Methods: This cross-sectional study included 96 patients with CVI with Clinical-Etiology-Anatomy-Pathology (CEAP) C3 to C6 (69.1% women 59 ± 11 years; 51.5% C5-C6 on CEAP classification). Objective time spent in PA was measured by a triaxial accelerometer. To examine adherence to PA guidelines, patients were grouped as meeting (or) the recommendations if they had at least 150 min/week of moderate to vigorous PA. Sociodemographic and clinic characteristics were obtained by self-report. Binary logistic regression was employed to examine whether sociodemographic and clinical characteristics were associated with adherence to PA guidelines. T-tests were employed to compare PA levels at different intensities according to patients' age.

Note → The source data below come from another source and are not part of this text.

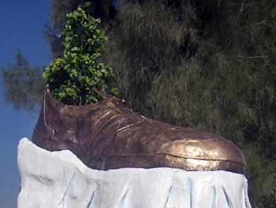 中新網(wǎng)1月30日電 伊拉克豎立了一個巨大的青銅鞋像雕塑,為的是向去年前美國總統(tǒng)布什到訪時(shí),向他擲鞋的伊拉克記者扎伊迪致敬。
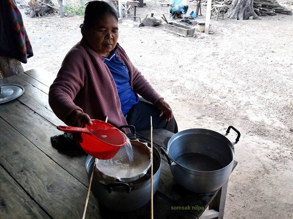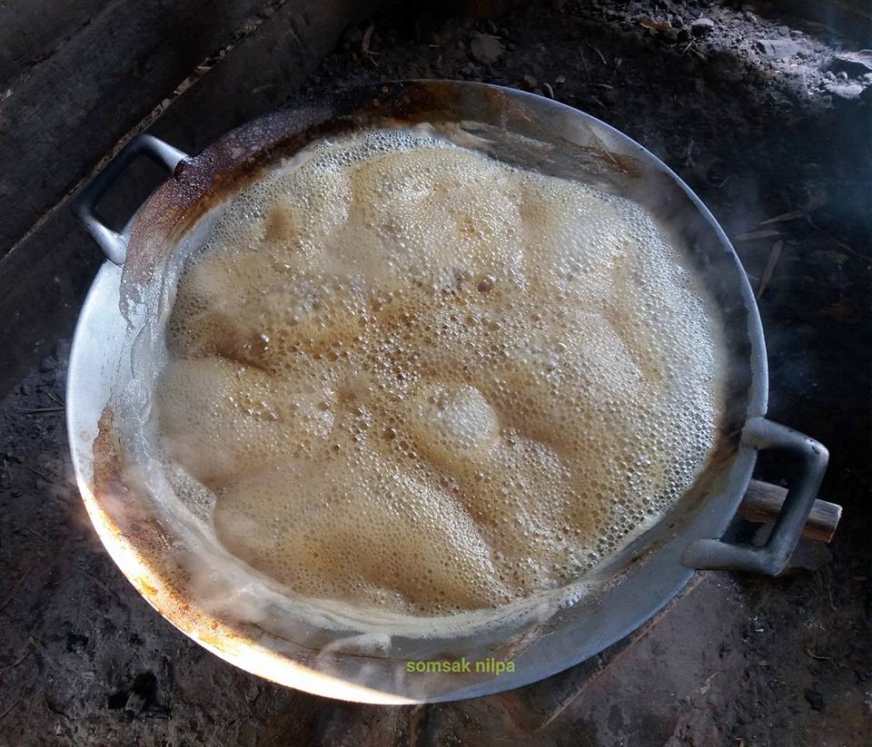 ตาหว่อ นำน้ำตาลสดที่ได้มากรองด้วยผ้าขาวบาง เพื่อให้ได้น้ำตาลที่สะอาดบริสุทธิ์ จากนั้นก็เตรียมติดเตาถ่านจากฟืนแห้ง หรือก้านตาลแห้ง อันเป็นเสน่ห์อีกอย่างของการทำตาลโตนดแบบโบราณ ติดไฟไว้พร้อมแล้ว น้ำตาลสดรองผ้าขาวบางเรียบร้อย จากนั้นก็ตั้งกระทะใบใหญ่ เทน้ำตาลลงไปแล้วค่อยๆเคียว ทำอย่างใจเย็น โดยใช้ไม้พายคนให้ทั่วกระทะ จนได้ที่ รวมๆเวลาก็หลายชั่วโมงพอควร
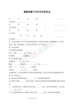 最新版厦门市汽车买卖协议
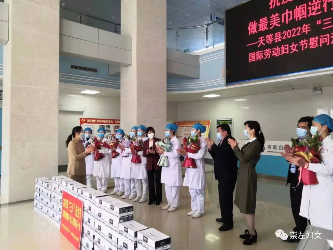 天等县开展以“抗疫有我 做最美巾帼逆行者”为主题慰问活动,慰问县人民医院、县中医院、县妇幼保健院等防疫一线女性医务人员;“围绕五大振兴 贡献巾帼力量”为主题的女领导干部座谈会,号召女性干部立足岗位、守岗尽责,在各自岗位上贡献巾帼力量,以实际行动迎接党的二十大胜利召开。
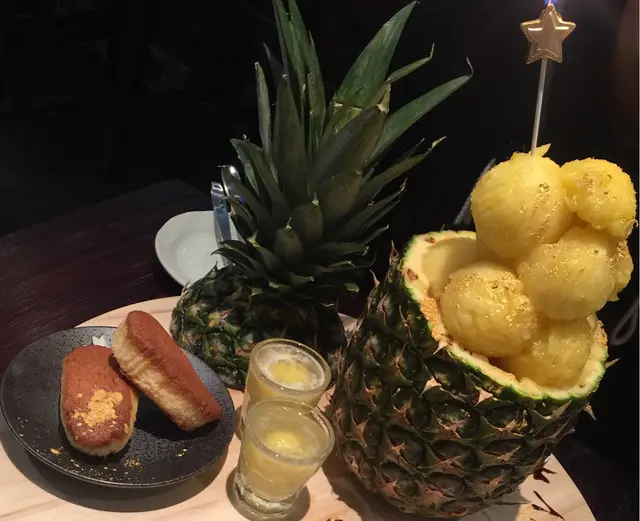 店員端出來的巨形菠蘿吸引全場目光
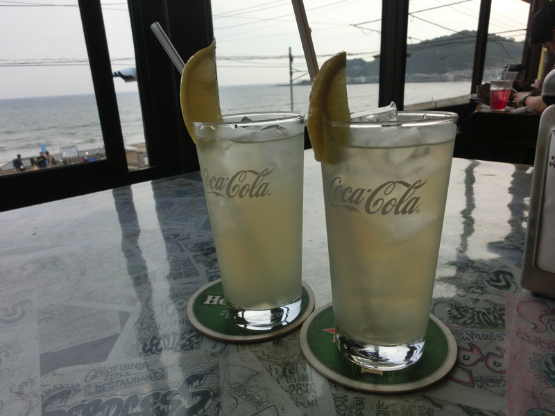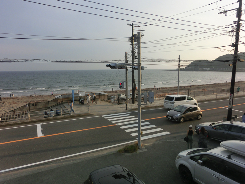再び江ノ電に乗り、由比ヶ浜駅で下車。駅前からは海は見えないが、住宅街を10分ほど歩くと由比ヶ浜に到着。今は海開き前なのでまだ泳いでいる人はなく、静かな雰囲気。でも海の家を建設中のようだし、今年も多くの人がここに来ていろんなことが起こるんでしょう。海に面したカフェに入り、レモネードでほっと一息。今日は江ノ島からずっと動いているので、ようやく休憩できたかな。欧米系のお客さんもぼちぼちいるようで、でも言葉だけではどこの国の人かわかりませんでした・・・夕日が沈みかけたころ、退散しますか。
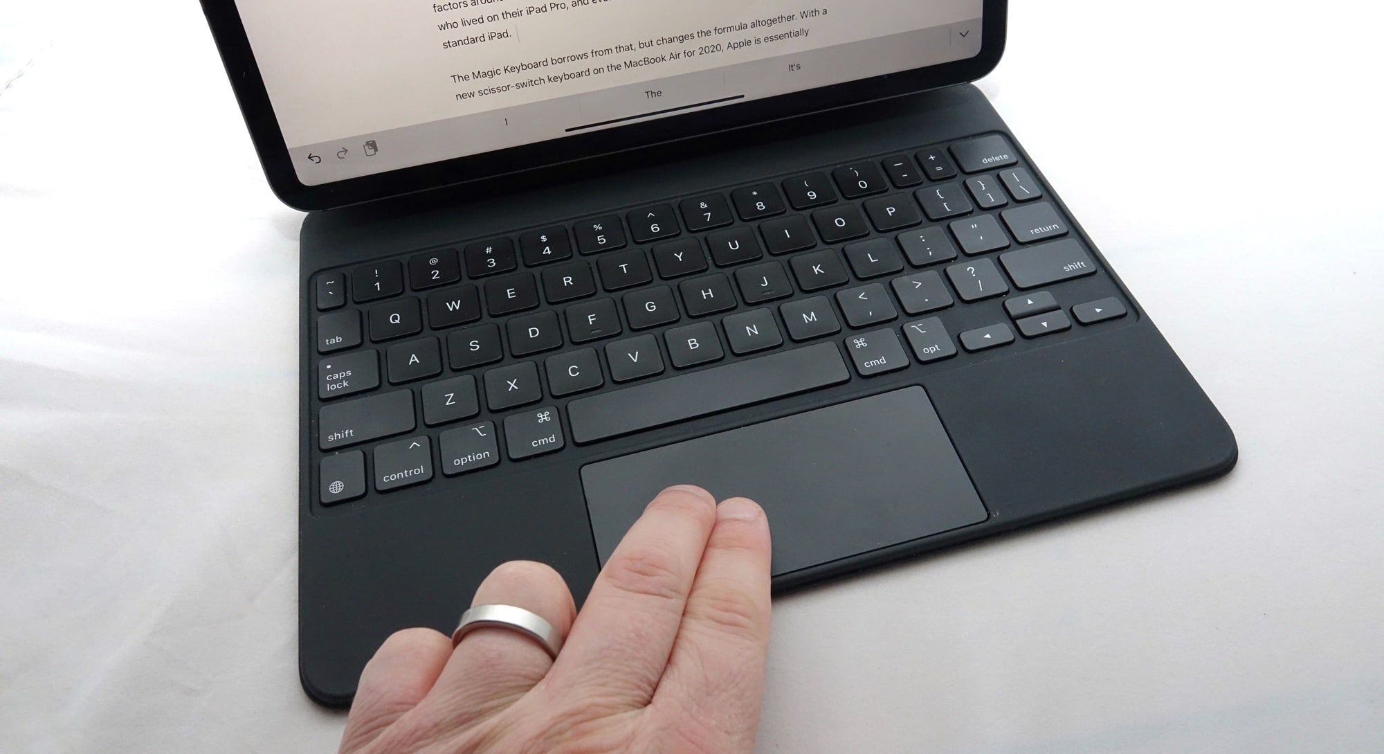 One is the angles, because you can’t easily flatten the iPad Pro in this case like you can the flexible Smart Keyboard. It’s a little thing, and you can always take it out of the case if you want, but while the Smart Keyboard is flexible enough to wrap all the way around the iPad Pro, the Magic Keyboard holds the iPad Pro in place, suspending it above the keyboard. That’s it.
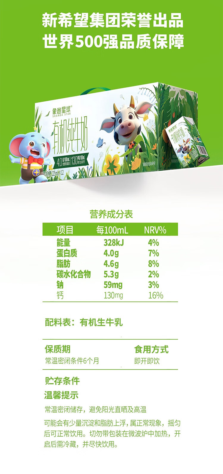 新希望4.0g蛋白质高钙儿童全脂有机纯牛奶125ml*12盒 礼盒装送礼
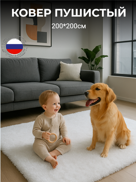 Стильный ковер с длинным ворсом станет прекрасным дополнением интерьера дома или квартиры. Пушистый коврик размером 200х200 см идеально подойдет на пол в любую комнату, а так же идельно подойдет, как накидка на диван. Его можно использовать как прикроватный к кровати в детскую и взрослую спальню, а также постелить возле дивана в гостиную. Меховой палас имеет большой, мягкий и приятный на ощупь ворс высотой 35 мм, который не выцветает, не линяет и отлично сохраняет тепло. Прямоугольный ворсовый ковер 200*200 имеет антискользящую прорезиненную основу, благодаря чему плотно прилегает к полу с любым покрытием, и качественно обработанные края, что предотвращает загибание. Половик из качественного искусственного меха выполнен из 100% полиэстера. Изделие не имеет запаха, проплешин и заломов. Комнатный ковёр с высоким ворсом можно пылесосить, он подходит для сухой и влажной уборки. Красивый белый коврик под ноги размером 200 на 200 см добавит уюта, комфорта и тепла в любое помещение. Напольный плюшевый половик можно купить для зала и спальни. Пушистой изделие 200 на 200, это лучшее решение для современного интерьера.
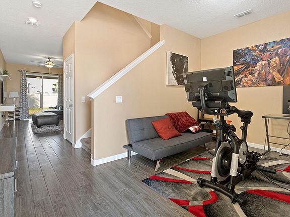 This recently painted spacious home is move in ready! Upon entering the home, you are greeted with a flex space which then flows into the modern open design living space which features upgraded ceramic tiles. Be greeted with a modern kitchen that features an island, upgraded countertops and 42" cabinets with crown molding. The first floor also features a half bath, access to 2 car garage from a separate hallway, as well as a covered patio. Venture to the second floor and be greeted with a loft for a bonus living space. Fall in love with the privacy of the spacious owners retreat including high tray ceilings. The master bathroom includes dual sinks, upgraded countertops, upgraded tile and access to a large walk in closet. The second floor also boasts the convenience of Laundry room area and second and third bedrooms with walk in closets. Location, location, location. Located just minutes from the SR-417 and 2 miles from the Florida Turnpike allows easy commute. Enjoy access to Lake Nona (10 mins) Downtown Orlando(25 mins) Walt Disney World resorts(15 mins) Universal Studios (20 mins) and Orlando International Airport (10mins) this location is perfect. Schedule your tour today! First month last month and security deposit required no smoking no evictions background check and credit check required 600+ credit
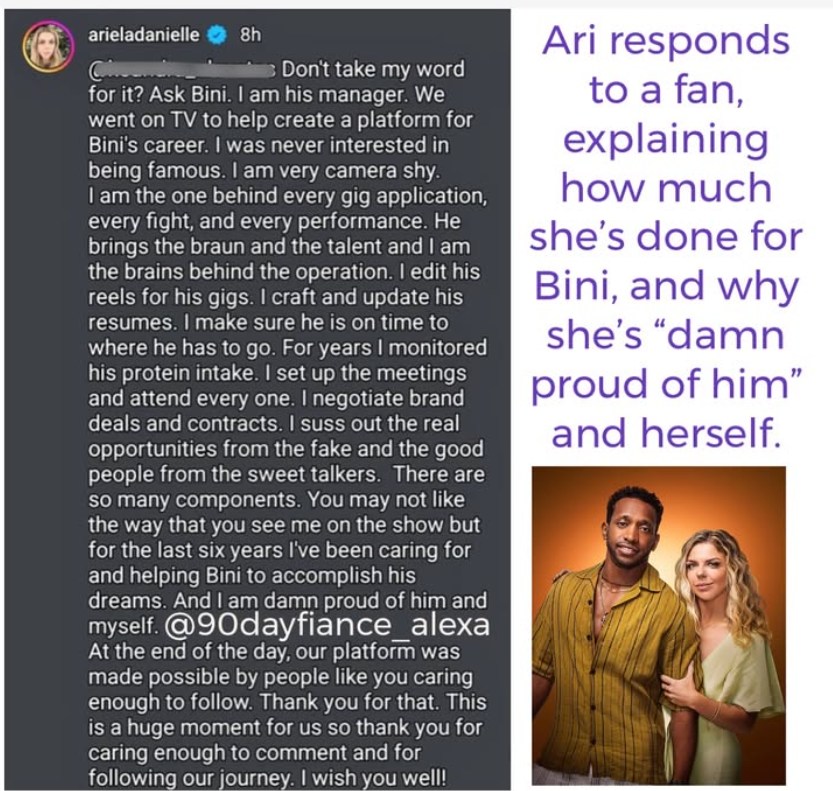 On February 12th, 2025, @90dayfiance_alexa screenshotted a response Ari made to a comment a fan made about her and Bini’s career after he appeared during the Super Bowl. She describes how she is currently his manager and has helped Bini grow his career to get where he is now. “I am his manager. We went on TV to help create a platform for Bini’s career. I was never interested in becoming famous.” This quote made lots of fans question if Ari and Bini’s marriage troubles were even real. Did they get on 90 Day: The Last Resort to promote Bini’s stunt resume?
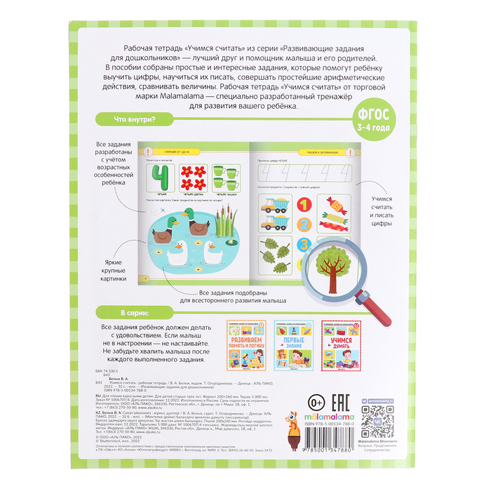 Развивающие задания для дошкольников «Учимся считать», 3-4 года — Характеристики
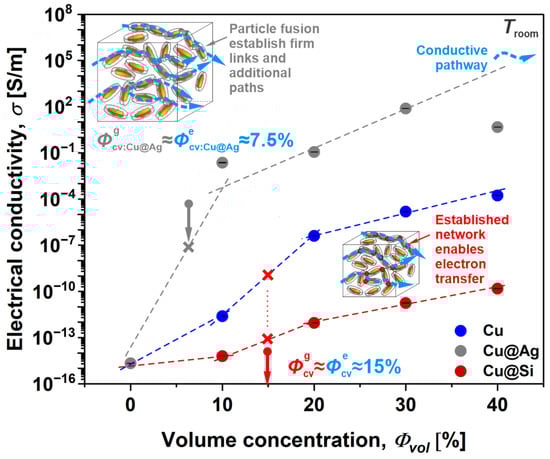 Nevertheless, the obtained results primarily indicate that geometrical entanglement is crucial for the establishment of conductive pathways within such composites, i.e., Φcv,g = Φcv,e, as flakes do not inherit a particular alignment. Moreover, they also confirm the fusion of Cu@Ag flakes as a result of the thermo-chemical reaction of the Ag coating material [50], which was also observed through rheological and thermal analyses.
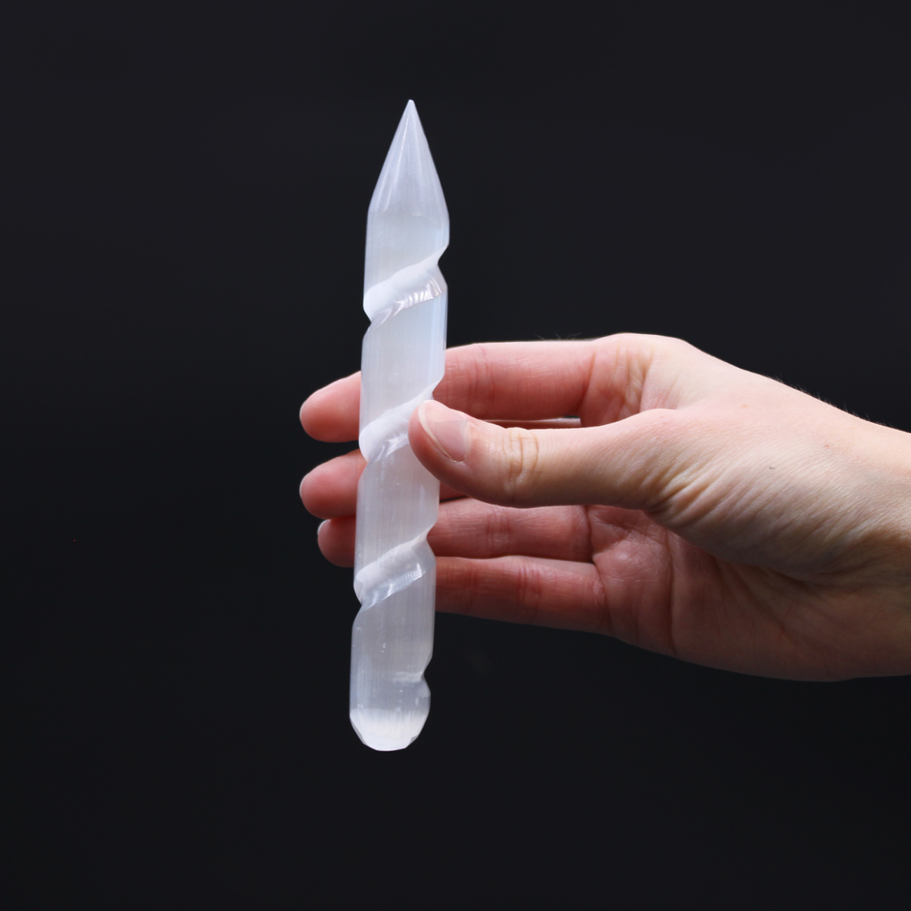 Bienfaits : Il est généralement admis que la sélénite est l’un des cristaux les plus puissants pour la guérison. Il est également relié au troisième œil, couronne et chakras éthériques. Certains disent qu’il favorise la pureté et l’honnêteté. On dit que cela force la personne qui le tient à être honnête avec elle-même.
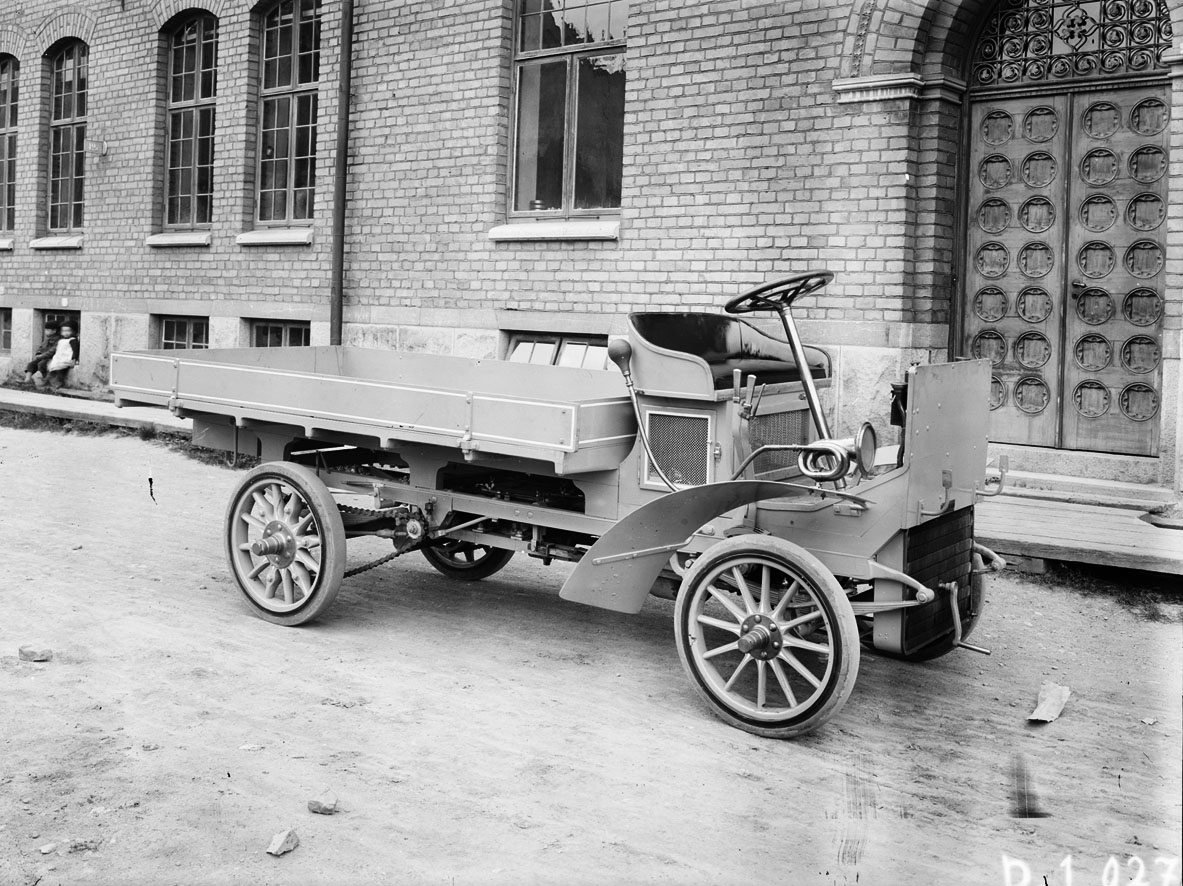 Lastautomobil utanför Gustaf LM Ericssons Automobilfabrik.
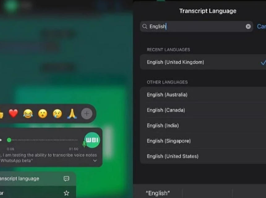 WhatsApp je počeo uvoditi funkciju transkripcije glasovnih poruka, koja će omogućiti korisnicima da pročitaju sadržaj bez potrebe da priključuju slušalice ili da je puste na zvučnike. Ovo može biti korisno u situacijama kad bi čitanje poruke bilo lakše nego slušanje.
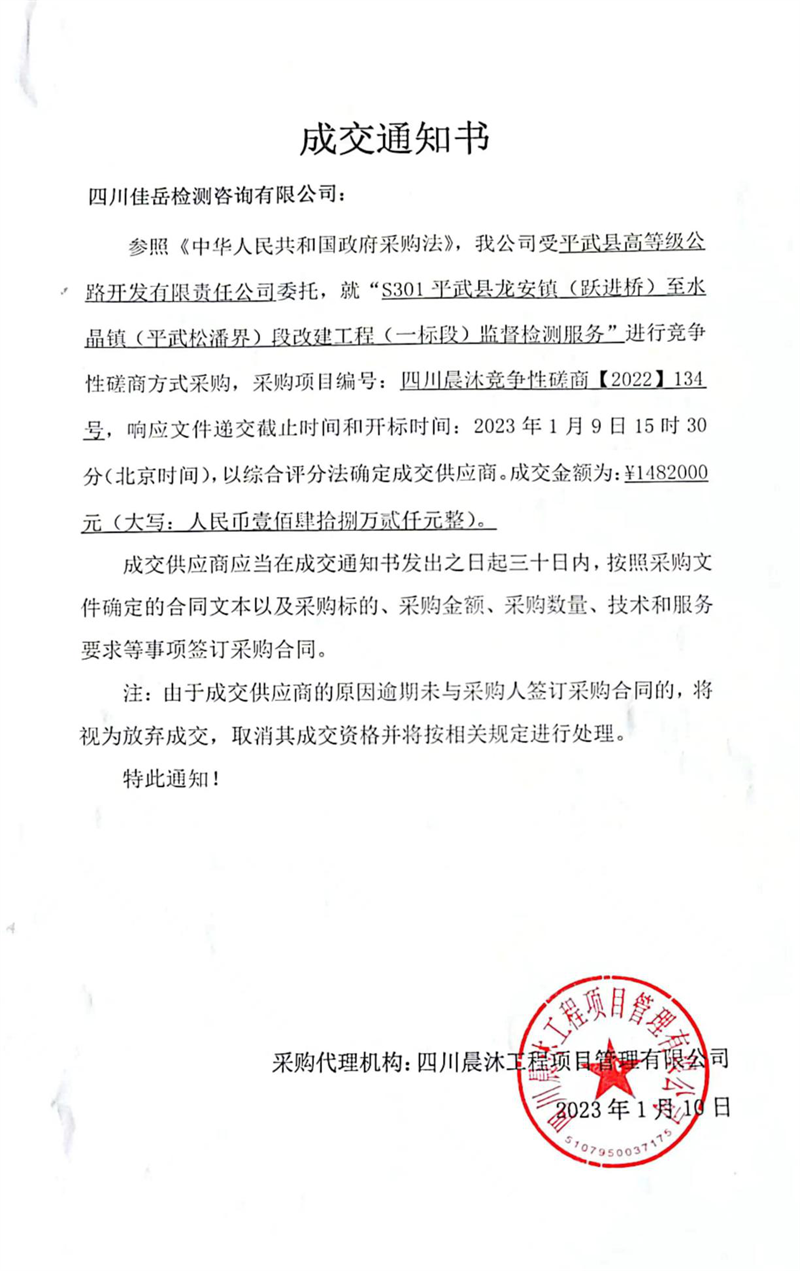 開門紅,月月紅。2023新春來臨之際,1月10日,雅安交建集團四川佳岳檢測咨詢有限公司中標(biāo)新年度首個市外檢測項目,為實現(xiàn)“開門紅”奠定了基礎(chǔ)。
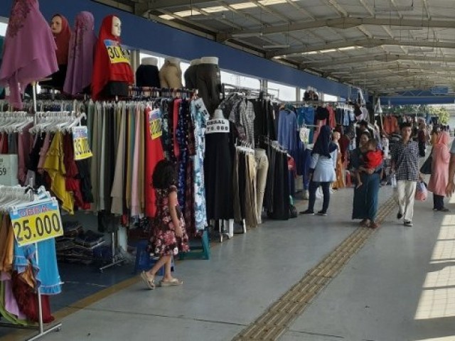 JEMBATAN Penyeberangan Multiguna (JPM) Pasar Tanah Abang berubah menjadi pasar dadakan menjelang hari raya Idul Fitri 2021. JPM disesaki pengunjung yang asyik memilih pakaian meski masa pandemi virus Corona belum berakhir.
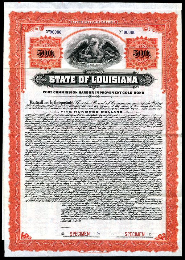 Louisiana. 1919. $500 5% Specimen Bond. Black print with red border and underprint. State seal top center. POC's and red SPECIMEN overprint. VF-XF condition. ABNC.

Results: Patients spent an average of 311.4 ± 91.5 min/week, 42.1 ± 28.0 min/week, and 19.8 ± 17.8 min/week in low-light PA, high-light PA, and moderate-to-vigorous PA, respectively. The proportion of patients meeting PA recommendations was 36.2%, and older patients had lower odds (OR = 0.94; 95%CI: 0.89 to 0.99). Additional analysis reinforced that by showing lower time in high-light PA (51.2 ± 30.0 min/day vs. 31.9 ± 21.8 min/day; p = .001) and moderate-to-vigorous PA (24.3 ± 15.8 min/day vs. 14.8 ± 18.8 min/day; p = .012) among older patients than their peers younger.
Conclusion: Our findings showed that 36,2% of CVI patients met PA recommendations, with lower odds found among older patients. Public health interventions to enhance PA engagement among CVI patients should prioritize those who are older.